** YOUR ASSIGNMENT **
For the data that follows, print the line with "Photo taken on", the line with "The Account Mapping", and all lines between them, exactly as they stand. Omit pictures and add nothing.

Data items
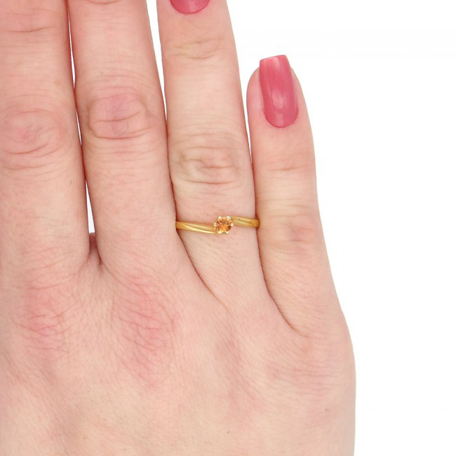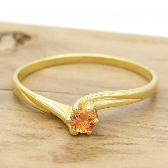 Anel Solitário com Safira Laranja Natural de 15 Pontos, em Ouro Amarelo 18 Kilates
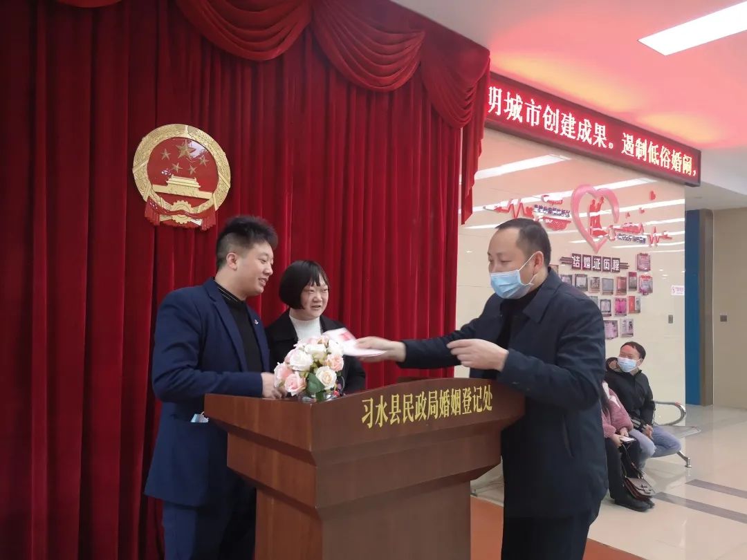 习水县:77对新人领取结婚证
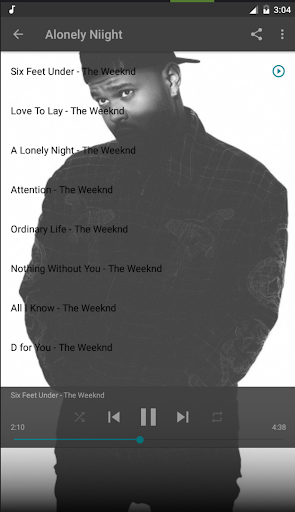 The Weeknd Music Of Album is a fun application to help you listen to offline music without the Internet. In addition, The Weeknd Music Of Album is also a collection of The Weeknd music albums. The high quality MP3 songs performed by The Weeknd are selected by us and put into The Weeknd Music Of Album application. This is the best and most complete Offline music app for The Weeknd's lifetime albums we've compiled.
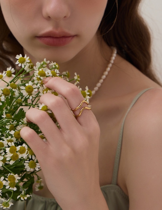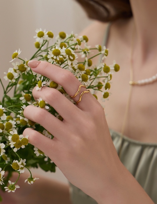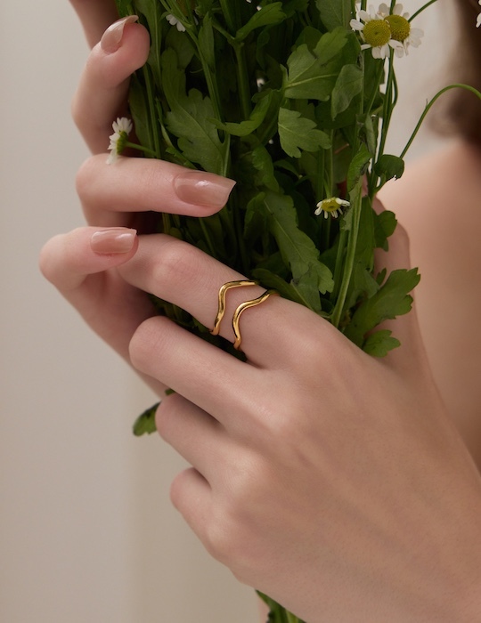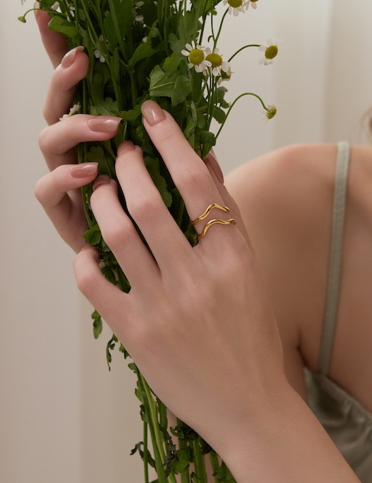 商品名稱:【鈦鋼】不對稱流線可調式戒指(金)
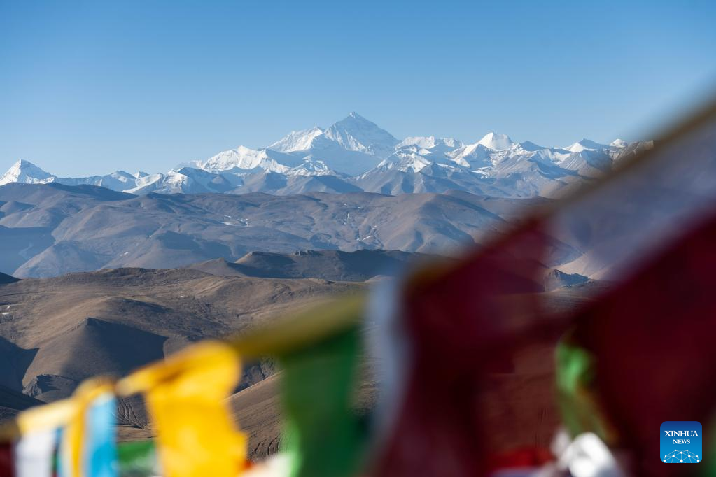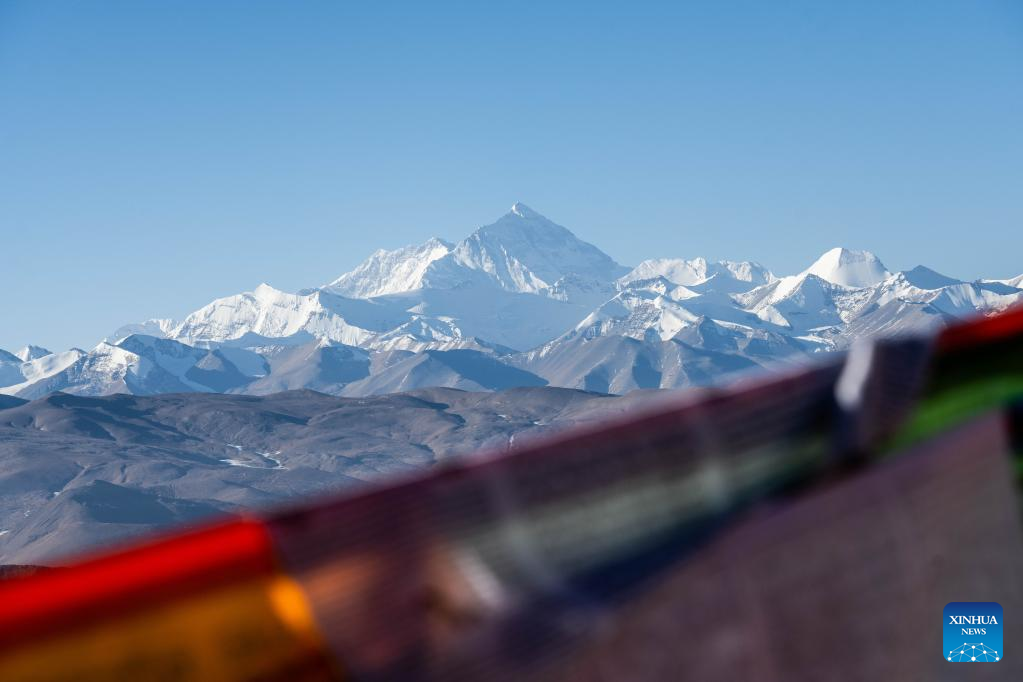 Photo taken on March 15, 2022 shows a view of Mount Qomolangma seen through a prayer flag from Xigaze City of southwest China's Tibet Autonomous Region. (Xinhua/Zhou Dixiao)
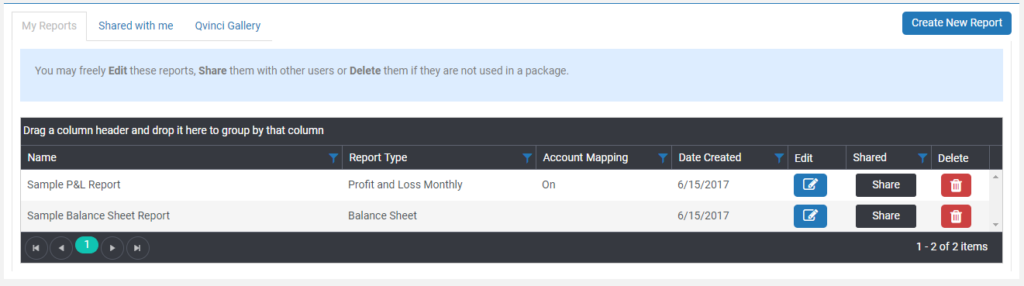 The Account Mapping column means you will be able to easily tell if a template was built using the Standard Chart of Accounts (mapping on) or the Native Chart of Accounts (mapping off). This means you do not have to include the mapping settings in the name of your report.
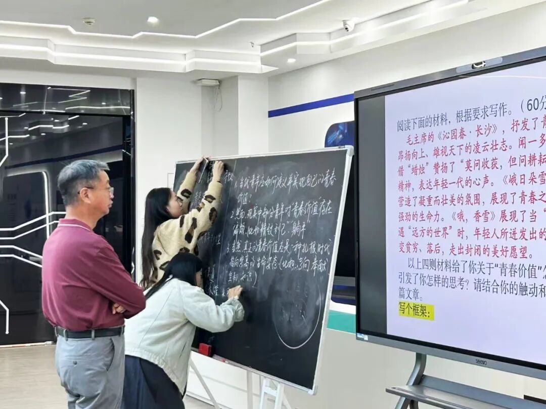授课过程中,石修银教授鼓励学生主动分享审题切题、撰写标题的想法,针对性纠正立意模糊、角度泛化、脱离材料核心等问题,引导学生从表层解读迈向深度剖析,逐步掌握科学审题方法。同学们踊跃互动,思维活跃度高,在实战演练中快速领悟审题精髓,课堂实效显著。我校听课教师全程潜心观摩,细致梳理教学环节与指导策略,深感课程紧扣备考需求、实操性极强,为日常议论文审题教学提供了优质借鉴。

** RESPONSE **
 Photo taken on March 15, 2022 shows a view of Mount Qomolangma seen through a prayer flag from Xigaze City of southwest China's Tibet Autonomous Region. (Xinhua/Zhou Dixiao)
 The Account Mapping column means you will be able to easily tell if a template was built using the Standard Chart of Accounts (mapping on) or the Native Chart of Accounts (mapping off). This means you do not have to include the mapping settings in the name of your report.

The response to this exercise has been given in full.